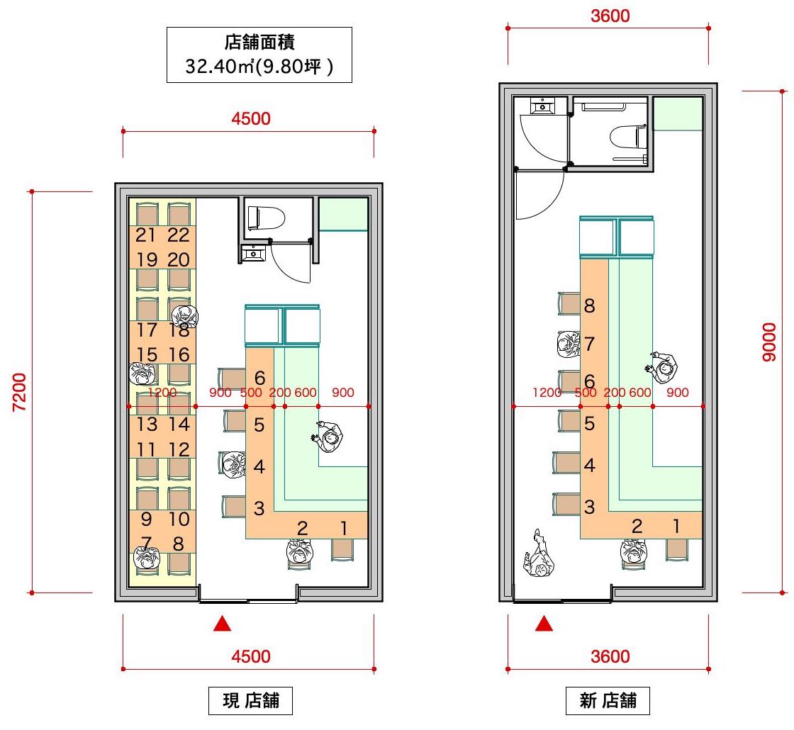 彼らとしては、席数=広さなのだろう。それで32.4m2の店舗面積は譲れない。
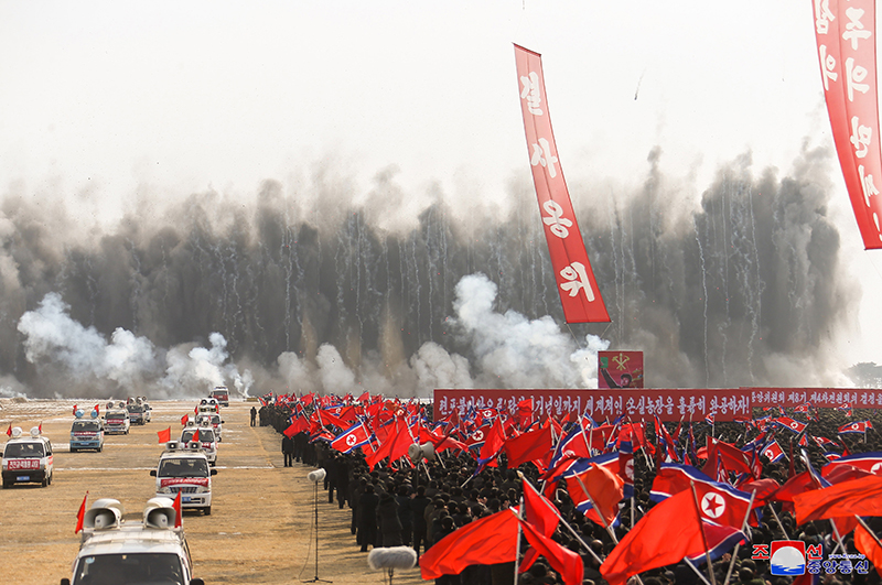 Na slavnostním zahájení přednesli generálové Korejské lidové armády soudruzi Kim Mjong Sik a Kim Kwang Hjok projevy odhodlání.
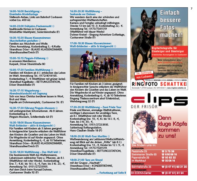 Erw. 7,- ¤,Ki. bis 14 J. 6,- ¤, Fam. bis 3 Ki. 23,- ¤,
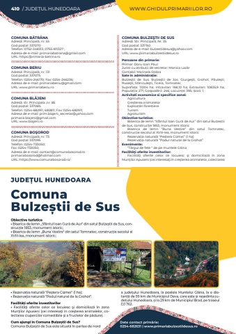 410 / JUDE%u021aUL HUNEDOARA WWW.GHIDULPRIMARIILOR.ROCOMUNA B%u0102TR%u00c2NAAdres%u0103: Principal%u0103, nr. 55Cod po%u0219tal: 337070Telefon: 0752-348313, 0755-811327 ; Adresa de e-mail: primariabatrana@gmail.comURL: https://primaria-batrina.roCOMUNA BERIUAdres%u0103: Principal%u0103, nr. 131Cod po%u0219tal: 337075Telefon: 0254-246170; Fax: 0254-246236; Adresa de e-mail: primariaberiu@gmail.comURL: www.primariaberiu.roCOMUNA BL%u0102JENIAdres%u0103: str. Principala ,nr. 85Cod po%u0219tal: 337085Telefon: 0254-682911, 682811; Fax: 0254-682911; Adresa de e-mail: prim.blajeni_secretar@yahoo.comprimaria.blajeni@gmail.comURL: www.blajeni.roCOMUNA BO%u015eORODAdres%u0103: Principal%u0103, nr. 73Cod po%u0219tal: 337095Telefon: 0254-733050; Fax: 0254-733050; Adresa de e-mail: contact@comunabosorod.ro primariabosorod@hotmail.comURL: https://www.comunabosorod.ro/COMUNA BULZE%u015eTII DE SUSAdres%u0103: Str. Principal%u0103, Nr. 35Cod po%u0219tal: 337150Adresa de e-mail: bulzestidesus@yahoo.comURL: www.primariabulzestiidesus.roPersoane din primarie:Primar: Doru Ioan PaulJurist cu atribu%u021bii de secretar: Monica Laz%u0103rContabil: Marinela DobraSate %u00een administra%u021bie:Bulze%u015ftii de Sus, Bulze%u015ftii de Jos, Giurge%u015fti, Grohot, P%u0103ule%u015fti, Ruse%u015fti, St%u0103ncule%u015fti, Ticera, TomnatecSuprafa%u021ba:%u00a0 11004 ha; Intravilan:%u00a0 168,10 ha; Extravilan:%u00a0 10835,9 ha; Popula%u021bia:%u00a0271; Gospod%u0103rii:%u00a0246; Locuin%u021be:%u00a0395; %u0218coli:%u00a01; Activitati economice si specifice zonei:AgriculturaCre%u0219terea animalelorExploat%u0103ri forestiere Turism AgroturismObiective turistice:Biserica de lemn %u201cSf%u00e2ntul Ioan Gur%u0103 de Aur%u201d%u00a0din satul Bulze%u0219tii de Sus, construc%u021bie%u00a01853, monument istoricBiserica de lemn %u201cBuna Vestire%u201d%u00a0 din satul Tomnatec, construc%u021bie%u00a0secolul al XVIII-lea, monument istoricRezerva%u021bia natural%u0103%u00a0%u201cPe%u0219tera Cizmei%u201d (1 ha) Rezerva%u021bia natural%u0103%u00a0%u201cPodul natural de la Grohot%u201dEvenimente:%u201cT%u00e2rgul de fete %u201c de pe muntele G%u0103inaFacilit%u00e3%u0163i oferite investitorilor:Facilit%u0103%u0163i oferite celor ce locuiesc %u015fi domiciliaz%u0103 %u00een zona Mun%u0163ilor Apuseni (cei interesa%u0163i %u00een cre%u015fterea animalelor, colectarea

§ What to work on
Output the material above verbatim but exclude each picture.

§ Result
 彼らとしては、席数=広さなのだろう。それで32.4m2の店舗面積は譲れない。
 Na slavnostním zahájení přednesli generálové Korejské lidové armády soudruzi Kim Mjong Sik a Kim Kwang Hjok projevy odhodlání.
 Erw. 7,- ¤,Ki. bis 14 J. 6,- ¤, Fam. bis 3 Ki. 23,- ¤,
 410 / JUDE%u021aUL HUNEDOARA WWW.GHIDULPRIMARIILOR.ROCOMUNA B%u0102TR%u00c2NAAdres%u0103: Principal%u0103, nr. 55Cod po%u0219tal: 337070Telefon: 0752-348313, 0755-811327 ; Adresa de e-mail: primariabatrana@gmail.comURL: https://primaria-batrina.roCOMUNA BERIUAdres%u0103: Principal%u0103, nr. 131Cod po%u0219tal: 337075Telefon: 0254-246170; Fax: 0254-246236; Adresa de e-mail: primariaberiu@gmail.comURL: www.primariaberiu.roCOMUNA BL%u0102JENIAdres%u0103: str. Principala ,nr. 85Cod po%u0219tal: 337085Telefon: 0254-682911, 682811; Fax: 0254-682911; Adresa de e-mail: prim.blajeni_secretar@yahoo.comprimaria.blajeni@gmail.comURL: www.blajeni.roCOMUNA BO%u015eORODAdres%u0103: Principal%u0103, nr. 73Cod po%u0219tal: 337095Telefon: 0254-733050; Fax: 0254-733050; Adresa de e-mail: contact@comunabosorod.ro primariabosorod@hotmail.comURL: https://www.comunabosorod.ro/COMUNA BULZE%u015eTII DE SUSAdres%u0103: Str. Principal%u0103, Nr. 35Cod po%u0219tal: 337150Adresa de e-mail: bulzestidesus@yahoo.comURL: www.primariabulzestiidesus.roPersoane din primarie:Primar: Doru Ioan PaulJurist cu atribu%u021bii de secretar: Monica Laz%u0103rContabil: Marinela DobraSate %u00een administra%u021bie:Bulze%u015ftii de Sus, Bulze%u015ftii de Jos, Giurge%u015fti, Grohot, P%u0103ule%u015fti, Ruse%u015fti, St%u0103ncule%u015fti, Ticera, TomnatecSuprafa%u021ba:%u00a0 11004 ha; Intravilan:%u00a0 168,10 ha; Extravilan:%u00a0 10835,9 ha; Popula%u021bia:%u00a0271; Gospod%u0103rii:%u00a0246; Locuin%u021be:%u00a0395; %u0218coli:%u00a01; Activitati economice si specifice zonei:AgriculturaCre%u0219terea animalelorExploat%u0103ri forestiere Turism AgroturismObiective turistice:Biserica de lemn %u201cSf%u00e2ntul Ioan Gur%u0103 de Aur%u201d%u00a0din satul Bulze%u0219tii de Sus, construc%u021bie%u00a01853, monument istoricBiserica de lemn %u201cBuna Vestire%u201d%u00a0 din satul Tomnatec, construc%u021bie%u00a0secolul al XVIII-lea, monument istoricRezerva%u021bia natural%u0103%u00a0%u201cPe%u0219tera Cizmei%u201d (1 ha) Rezerva%u021bia natural%u0103%u00a0%u201cPodul natural de la Grohot%u201dEvenimente:%u201cT%u00e2rgul de fete %u201c de pe muntele G%u0103inaFacilit%u00e3%u0163i oferite investitorilor:Facilit%u0103%u0163i oferite celor ce locuiesc %u015fi domiciliaz%u0103 %u00een zona Mun%u0163ilor Apuseni (cei interesa%u0163i %u00een cre%u015fterea animalelor, colectarea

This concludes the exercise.